Bon, ce qui manque, ce sont des films moyens, des films aux moyens moyens et donc susceptibles d'être autre chose que moyens. Des moyens à la hauteur de véritables ambitions. Un autre problème aujourd'hui, c'est que Rivette ou Podalydès ou Ferran ou Joffé ou même Beinex ait autant de mal à monter leurs projets et qu'ils tournent si peu. Et pendant ce temps là, les écrans sont saturés de pellicules improbables venues de transfuges de la télévision et de films qui tendent à devenir les bandes annonces du futur DVD collector à sortir sous six mois.
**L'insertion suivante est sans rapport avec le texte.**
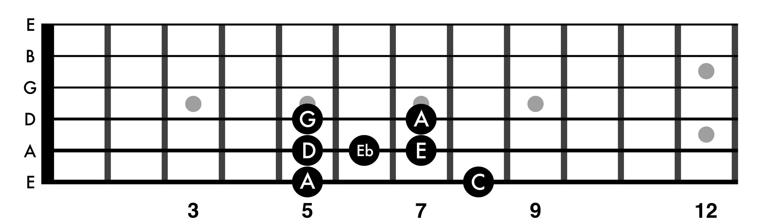 Fig. 6: The A minor Pentatonic Pattern 1 starts on A (Low E string, fifth fret) and ends on C (High E string, eighth fret).
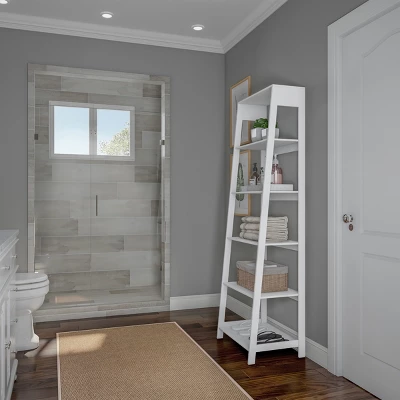 The 5-Tier Freestanding Ladder Bookcase from Hastings Home offers 5 levels of multifunctional display and storage space that can be used in any room of your home. Featuring a sturdy MDF wood construction, five 22-inch-long shelves, and 13-inches between each shelf, there are an unlimited number of ways to arrange your favorite books, photos, and decorative accents to attractively enhance your décor. The leaning style shelving unit has a straight back frame so it can stand on its own for versatile placement around the home or office.5-tier bookshelf with a straight back frame so it can stand on its own for versatile placementEach of the five shelves are 22-inches wide with varying depths for a ladder style lookWith 13-inches between each shelf, you can arrange photo frames, plants, and office supplies to enhance your room’s décorIts small footprint will maximize your storage and display space – ideal for dorm rooms, apartments, and entrywaysIncludes all hardware and tools for assembly.Materials: MDF Wood Painted in Black, Weight Capacity: Top 2 Shelves: 11lbs Each, Bottom 3 Shelves: 17.5lbs EachDimensions: (L) 23.5 x (W) 16.5 x (H) 71-inches
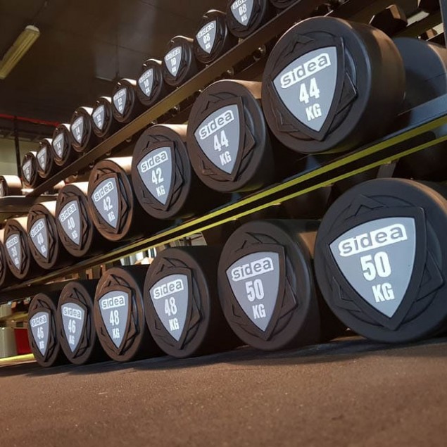Each dumbbell is marked with its weight in kilograms and can be quickly stored on the dedicated Dumbbell Rack (code 8880), designed for efficient organization with a space-saving sliding system.

D'accord, tout cela reste assez général, quelques idées comme ça. Et puis j'exagère. En fait, le film dont je voulais vous parler, là maintenant, c'est Bouge pas, meurs et ressuscite de Vitali Kanevski. J'ai commencé à écrire et puis mon disque dur secondaire a sauté ce week end. Le texte est sans doute perdu, alors je suis un peu en rogne.

17/05/2007

Portfolio anniversaire

C'est marrant comme on parle beaucoup de Jésus Franco en ce moment dans quelques uns de mes blogs favoris. Ludo sur Série bis s'intéresse aux Maîtresses du Dr Jekyll, un film de sa grande époque classique, le bon Dr Orlof le cite toujours avec délectation et Cinébeats vient de lui rendre un vibrant hommage à l'occasion de son 77e anniversaire le 12 mai (superbe illustration). Ce n'est pas encore Manoel de Oliveira, mais on s'approche. Cet excellent blog anglophone signale également l'existence d'un incroyable I'm in a Jess Franco state of mind tout à fait dans l'esprit du maître. J'y ai d'ailleurs appris la disparition de Gordon Scott, ce qui m'a peiné mais ce n'est pas le sujet. Et je profite de l'occasion pour signaler à tous ceux qui vont se gargariser de « grindhouse » à l'occasion du nouvel opus de Tarantino d'aller jeter un oeil sur ce que c'est, vraiment. Voilà. Je ne pouvais oublier que l'une de mes toutes premières notes était dédiée au petit Jésus. Aussi, avec un peu de retard, bon anniversaire, monsieur Franco.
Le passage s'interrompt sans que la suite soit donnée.